Automobile Loans

An automobile loan, or “auto loan”, is a loan used to specifically buy a vehicle.
Basics of an Auto Loan

Consumers have used auto loans to purchase vehicles since the early 1900’s and they remain a popular way to finance a vehicle, instead of emptying your savings account. A big reason for their popularity is due to auto loans being collateralized loans, and therefore are easier to get approved for when buying a vehicle, compared to other uncollateralized lending options. Secured loans, or collateralized loans, are loans offered by a financial institution in exchange for something tangible from the borrower if the borrower fails to repay the loan. Example: Bank ABC will lend you $20,000 to buy a vehicle, in exchange for a lien on the vehicle as collateral. If you do not pay the auto loan, the bank reserves the right to repossess the vehicle. In comparison, unsecured loans are loans offered by a financial institution without the exchange of something tangible from the borrower. Secured loans are typically easier to get approved for and have more favorable terms than unsecured lending options.

Financing: Dealer vs Bank/Credit Union vs Broker

There are three common ways to shop for an auto loan when buying a vehicle:

Dealer financing – Using a new or used car dealership’s finance office. They typically have relationships with several lenders, or use software that will shop lenders based on your credit score and requested loan amount. Dealers could charge you a higher rate than quoted, and take the difference as profit for writing the loan for you.

A bank or credit union – Most banks and credit unions will offer an auto loan. Credit unions could have slightly better terms (interest rate and length of low, resulting in a lower monthly payment potentially), but could also have stricter lending requirements on the vehicle (might not finance an older vehicle, or might have loan amount limits).

Using a broker – For example: AAA. Very similar to dealer financing, a broker will use a list of lenders and give you options based on your credit score and requested loan amount. Unlike dealers, brokers are not usually able to charge a higher rate than quoted, and instead are compensated directly from the lender that writes the loan for you.

What’s important? Rate, Length, or Payment?

You’ll have to decide what’s most important to you when choosing the terms of an auto loan: the interest rate of the loan, the length of the loan, or the monthly payment of the loan. If you want the lowest interest rate, then the length of the loan will be shorter and the monthly payment will be higher. If you want the longest length of the loan, then the interest rate will be higher and the monthly payment will be smaller. 

Interest Rates – Rates for a new vehicle are typically between 0% to 8%, and for a used vehicle are typically 2% to 15%. You’ll be able to select the interest rate based on your credit score, age of vehicle, length of loan, and loan amount.

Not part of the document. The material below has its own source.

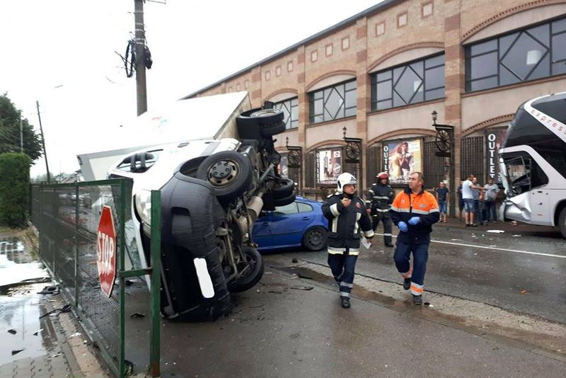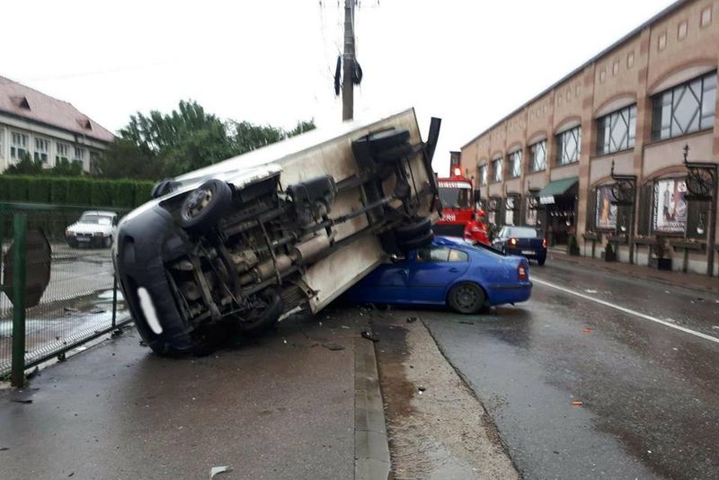 Accident rutier la Câmpulung Moldovenesc. O furgonetă a fost proiectată peste un autoturism VIDEO

Length of Loan – Loan terms historically have been between 3 to 5 years (36 to 60 months), but in recent years we’ve seen loans stretch to 8 years (96 months). You’ll be able to select the length of the loan based on your credit score, age of vehicle, interest rate, and loan amount.

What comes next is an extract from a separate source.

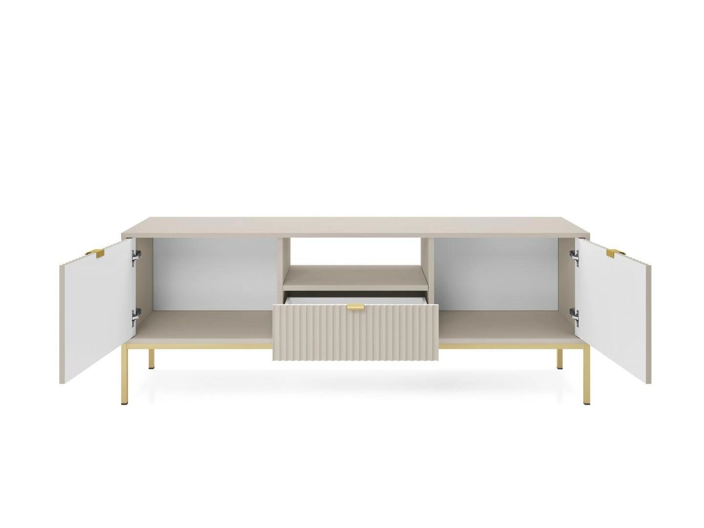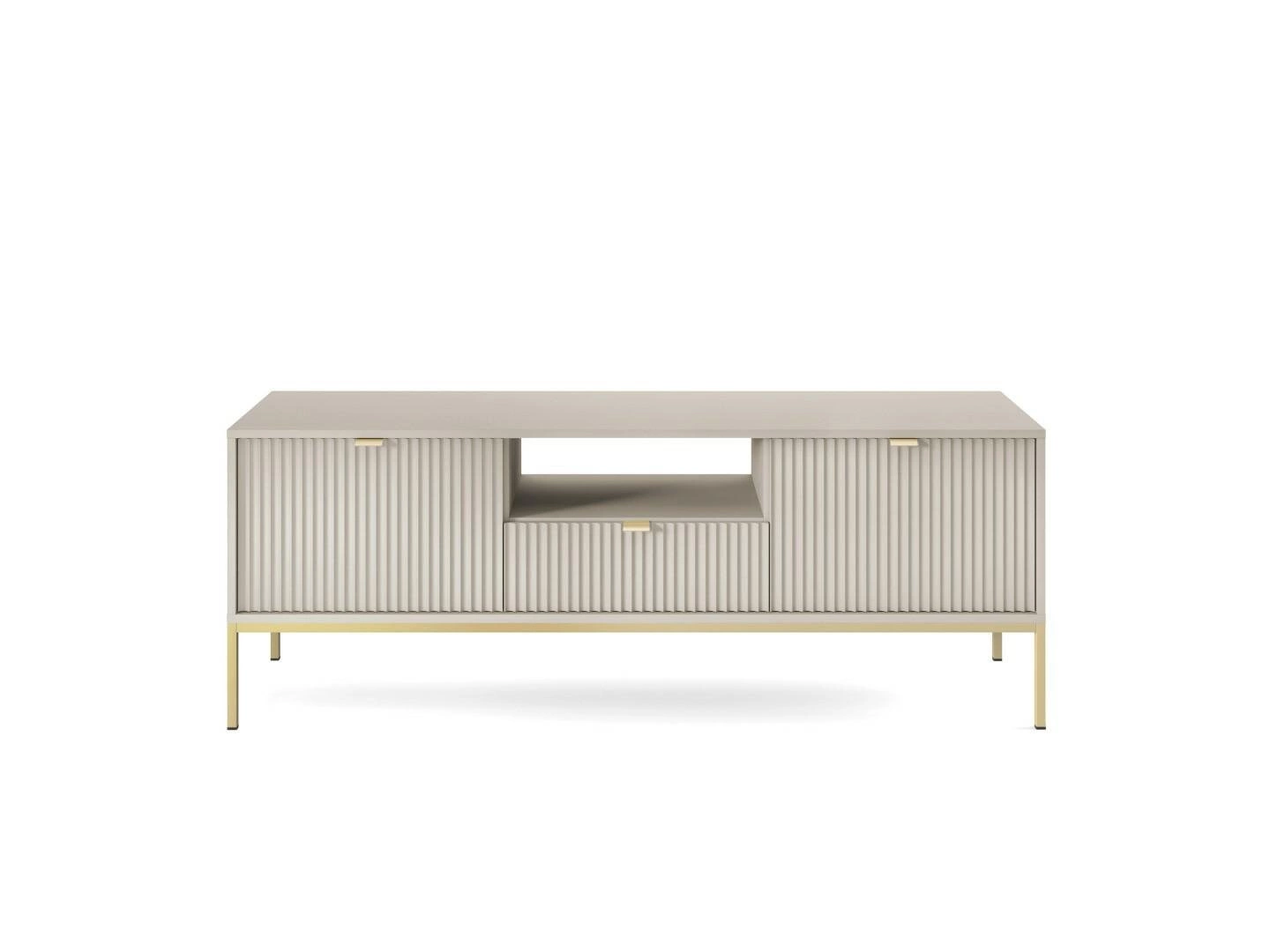 Szafka RTV Delicious z płyty meblowej w kolorze kaszmiru to połączenie nowoczesności i glamour. Ryflowane fronty dodają meblowi oryginalności, a złote, metalowe nogi - elegancji. Cienkie, wysokie nogi sprawiają, że mebel wydaje się lekki, co jest niezwykle ważne w mniejszych pomieszczeniach.

Loan to Value – Most lenders will lend up to 120% of the value of the vehicle, and could ask for a 0% to 20% down payment depending on your credit score and age of vehicle. This includes new and used vehicles. This also includes potentially financing upfront fees when buying a vehicle through a dealer.

Our Take.. Good or Bad?

For most people, an auto loan is a tool to purchase a reliable vehicle that will last longer than a vehicle they could buy without an auto loan. It’s important to weigh your options when buying a vehicle though. Do you need a car or truck? Do you need two doors or four doors? Do you want a base model or a higher trim model? If you’re single looking for something to and from work, your needs will differ from a married individual with two kids, and your budget will differ respectfully.

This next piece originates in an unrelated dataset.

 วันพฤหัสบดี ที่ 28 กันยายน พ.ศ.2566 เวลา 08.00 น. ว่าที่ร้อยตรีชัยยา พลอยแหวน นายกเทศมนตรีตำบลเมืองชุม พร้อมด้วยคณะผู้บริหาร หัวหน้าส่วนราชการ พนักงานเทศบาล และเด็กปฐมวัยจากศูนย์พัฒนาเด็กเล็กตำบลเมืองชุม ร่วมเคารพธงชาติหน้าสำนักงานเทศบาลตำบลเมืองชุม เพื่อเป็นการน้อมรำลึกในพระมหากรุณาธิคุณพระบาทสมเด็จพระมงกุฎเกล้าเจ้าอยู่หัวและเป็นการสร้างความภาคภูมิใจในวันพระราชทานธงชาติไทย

It’s important to also determine how efficient you want your budget to be. If you buy new, you’ll typically have 2-5 years with very little maintenance required, other than oil changes every  3-5 months and tires every 12-18 months. New vehicles will have more generational improvements as well; higher safety ratings, better gas mileage, more tech features, etc. If you buy used, you should understand the vehicle could need maintenance within the next couple years. You should also understand an older vehicle might not have the features you’re looking for. It’s up to you to determine if heated seats and self-driving is worth it.

All in all, we recommend an auto loan to purchase a vehicle. It’s almost always a good idea to keep your cash in your investments, emergency fund, or savings account (in that order). Especially if you’re able to get an interest rate for 0%-4% on a vehicle that will last you 2-5 years without any major maintenance, and ultimately will last you 10+ years if you take care of it regularly.

Reminder – Even though we are recommending using an auto loan to purchase a vehicle, it’s important to remember to remain focused on your financial goals. We recommend to limit your auto loan to 5 years or less (60 months or less), don’t finance over 90% of the vehicle’s value at the time of signing, and keep the payment under 15% of your net income (including insurance and fuel). For example: If your net income is $5,000 per month, you should spend no more than $700 a month on transportation (auto loan payment, insurance, and fuel).